For what it's worth, if we are going to spend a whole 32-bit or 64-bit word (that used now for the enum just to know if a slot is occupied - only one bit of information), we could also save 31 or 63 bits of the hash code (the non-range reduced hash function) and use that as a boolean short-circuiting "comparison prefix". Before doing a possibly expensive per-entry comparison, first see if their hashes are the same. Same keys always yield same hashes, after all. There is still a birthday paradox and it's not perfect, and you still have to compare at least once, but collisions within the maximum address space are typically very, very rare. So, this results in only one "real, non-integer comparison" almost all the time. For long string keys it can speed things up quite a bit. It probably belongs in the "general purpose" table with user-defined keys and it goes a long way to totally eliminating key clustering concerns since cache misses can cost as much time as quite a few integer compares. This can slightly slow down integer-like key tables, though where you are replacing one fast compare with two. So, a specialization for those may still be desirable. I'm still kind of sussing out best practices for parametrizing aspects like this in Nim.

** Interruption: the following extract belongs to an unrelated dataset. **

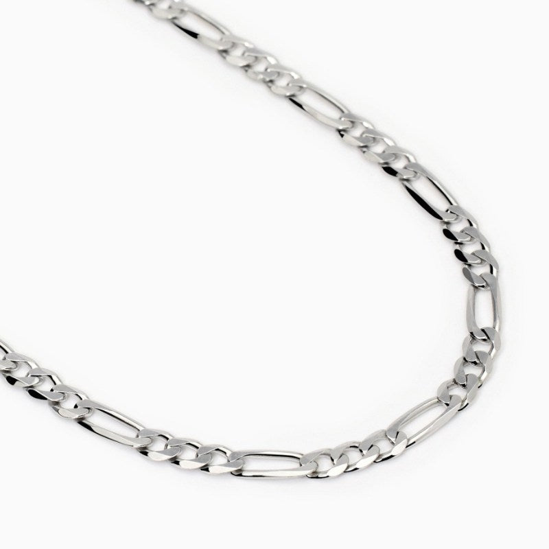 Collana da uomo in argento rodiato con catena figaro. Chiusura con moschettone. Misura unica, lunghezza 50 cm Materiale: Argento 925.

One other subtle issue that I should have mentioned in my first message is that once you can re-organize the table on deletion (either by tombstone driven whole table rehashing or by more local per-delete rehashes), it becomes problematic/complicated to delete some entries inside a loop iterating over the same table. The array slots can change all around on you. I was looking through the current Nim github code and didn't see any uses like that inside Nim proper. End-user code might very well do it, though. Just marking it deleted doesn't cause any trouble since nothing is moved. Inserting into a table while iterating over it does cause trouble as the slots in the bigger table could be all permuted.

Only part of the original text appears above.